I have a similar issue as the OP but in a different context, my iterative algorithm needs to mutate the matrix A by adding columns and/or rows. The first time, the QR is computed using DGEQRF and thus, the compact LAPACK format. After the matrix A is mutated e.g. with new rows I can quickly build a new set of reflectors or rotators that will annihilate the non-zero elements of the lowest diagonal of my existing R and build a new R but now I have a set of H1_old H2_old ... Hn_old and H1_new H2_new ... Hn_new (and similarly tau's) which can't be mixed up into a single QR compact representation. The two possibilities I have are, and maybe the OP has the same two possibilities:
Always maintain Q and R explicitly separated whether when computed the first time or after every update at the cost of extra flops but keeping the required memory well bounded.

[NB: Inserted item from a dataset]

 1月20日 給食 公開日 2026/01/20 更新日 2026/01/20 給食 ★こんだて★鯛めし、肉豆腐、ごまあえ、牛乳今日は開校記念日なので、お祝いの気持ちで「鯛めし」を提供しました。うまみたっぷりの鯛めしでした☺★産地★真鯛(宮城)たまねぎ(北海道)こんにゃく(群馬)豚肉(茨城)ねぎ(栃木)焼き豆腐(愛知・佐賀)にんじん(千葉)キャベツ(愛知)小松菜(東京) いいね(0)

Stick to the compact LAPACK format but then every time a new update comes in, keep a list of all these mini sets of update reflectors. At the point of solving the system one would do a big Q'*c i.e. H1_u3*H2_u3*...*Hn_u3*H1_u2*H2_u2*...*Hn_u2*H1_u1*H2_u1...*Hn_u1*H1*H2*...*Hn*c where ui is the QR update number and this is potentially a lot of multiplications to do and memory to keep track of but definitely the fastest way.
The long answer from David basically explains what the compact QR format is but not how to get to this compact QR format having the explicit computed Q and R as input.